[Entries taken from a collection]
───

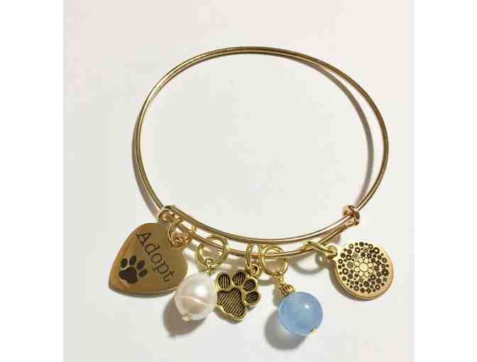 Adjustable Brass Base Gold Plated Bangle with Adopt, Paw and Circles of Colors Stainless Steel Laser Cuts, Aquamarine Gemstone and Freshwater Pearl.
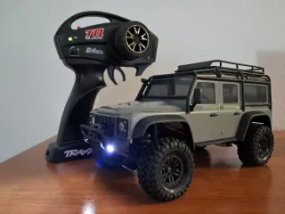 Carro de controle remoto Traxxas TRX4M. - Modelo Defender. - Inclui controle remoto TQ 2.4GHz. - Pneus off-road. - Luzes de LED frontais. Servo injora e opcionais injora Kit de rolamentos no carro todo Alargadores de rodas Upgrade de servo Diferenciais de metal completos Com caixa original e com as peças substituídas por opcionais
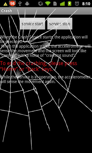 When the application starts, the accelerometer will sense the movement and the screen will look like “crashed” with a noise of “crashing sound”.
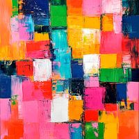 Abstract modern kunstwerk in de stijl van het kubisme, met kleurrijke vierkanten in een levendig kleurenpalet met impasto-techniek, het geheel geeft een vrolijke stemming en een levendige atmosfeer.
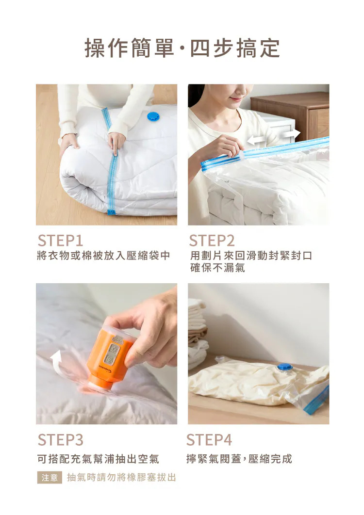 ◇優質PE材質,無毒無臭安心使用 ◇具韌性耐撕扯不易破,可重複使用 ◇整潔收納衣物,防潮防蟲 ◇防逆流氣閥,重重保護不漏氣 ◇可搭配Aerogogo充氣幫浦使用
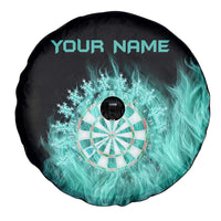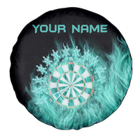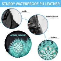 Darts Board Spare Tire Cover with Flaming Green Smoke and Crest Emblem on Black Gradient Background
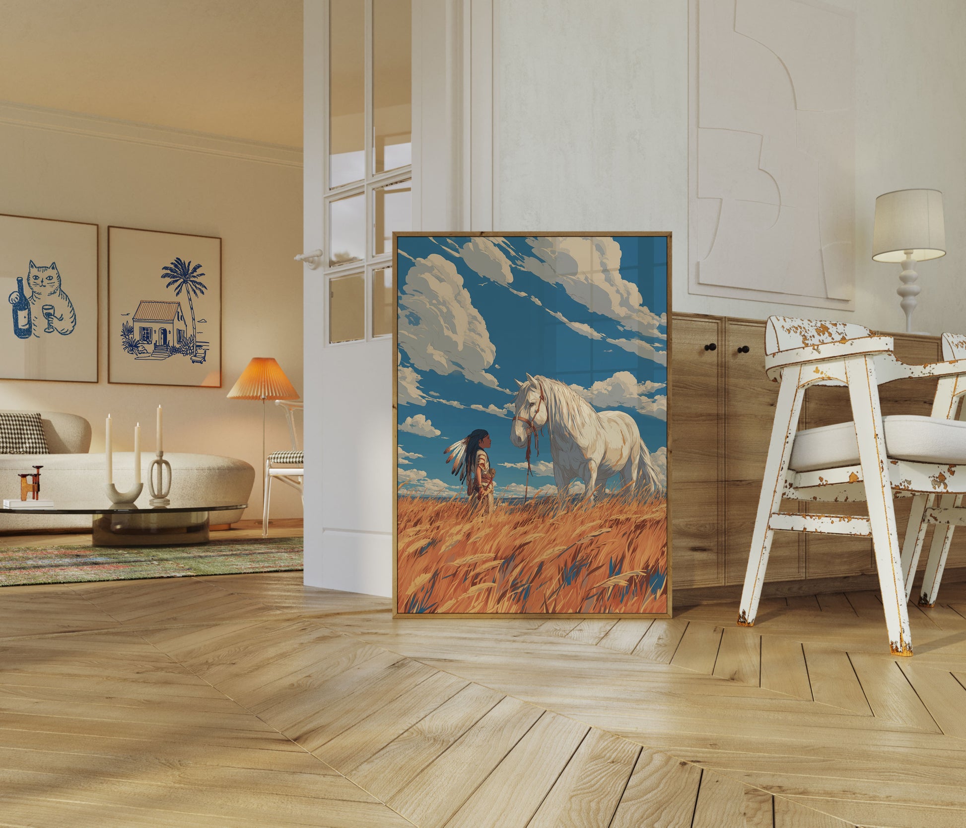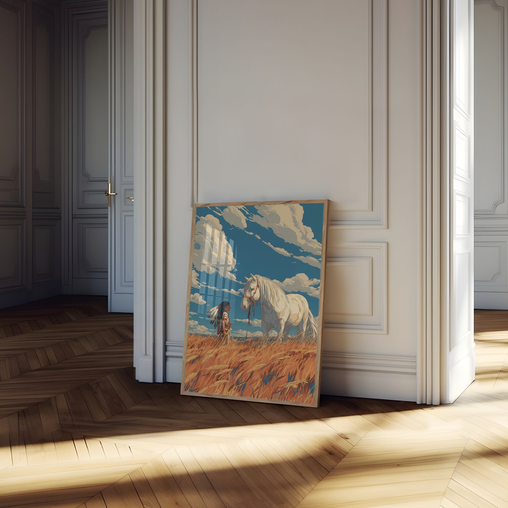 Immerse yourself in the breathtaking harmony between a Native American rider and a majestic white horse, set against a sweeping golden grassland and dramatic blue sky filled with billowing clouds. This stunning artwork captures the profound bond between indigenous culture and the natural world, with rich amber wheat fields swaying beneath an expansive, dreamy landscape that speaks to freedom, tradition, and spiritual connection. The intricate feathered headdress and the horse's elegant stance create a powerful narrative of mutual respect and understanding.

───

▸ **EXERCISE REQUIREMENTS**:
The reply has to reproduce every line above verbatim and contain no pictures.

▸ **SOLUTION TO THE EXERCISE**:
 Adjustable Brass Base Gold Plated Bangle with Adopt, Paw and Circles of Colors Stainless Steel Laser Cuts, Aquamarine Gemstone and Freshwater Pearl.
 Carro de controle remoto Traxxas TRX4M. - Modelo Defender. - Inclui controle remoto TQ 2.4GHz. - Pneus off-road. - Luzes de LED frontais. Servo injora e opcionais injora Kit de rolamentos no carro todo Alargadores de rodas Upgrade de servo Diferenciais de metal completos Com caixa original e com as peças substituídas por opcionais
 When the application starts, the accelerometer will sense the movement and the screen will look like “crashed” with a noise of “crashing sound”.
 Abstract modern kunstwerk in de stijl van het kubisme, met kleurrijke vierkanten in een levendig kleurenpalet met impasto-techniek, het geheel geeft een vrolijke stemming en een levendige atmosfeer.
 ◇優質PE材質,無毒無臭安心使用 ◇具韌性耐撕扯不易破,可重複使用 ◇整潔收納衣物,防潮防蟲 ◇防逆流氣閥,重重保護不漏氣 ◇可搭配Aerogogo充氣幫浦使用
 Darts Board Spare Tire Cover with Flaming Green Smoke and Crest Emblem on Black Gradient Background
 Immerse yourself in the breathtaking harmony between a Native American rider and a majestic white horse, set against a sweeping golden grassland and dramatic blue sky filled with billowing clouds. This stunning artwork captures the profound bond between indigenous culture and the natural world, with rich amber wheat fields swaying beneath an expansive, dreamy landscape that speaks to freedom, tradition, and spiritual connection. The intricate feathered headdress and the horse's elegant stance create a powerful narrative of mutual respect and understanding.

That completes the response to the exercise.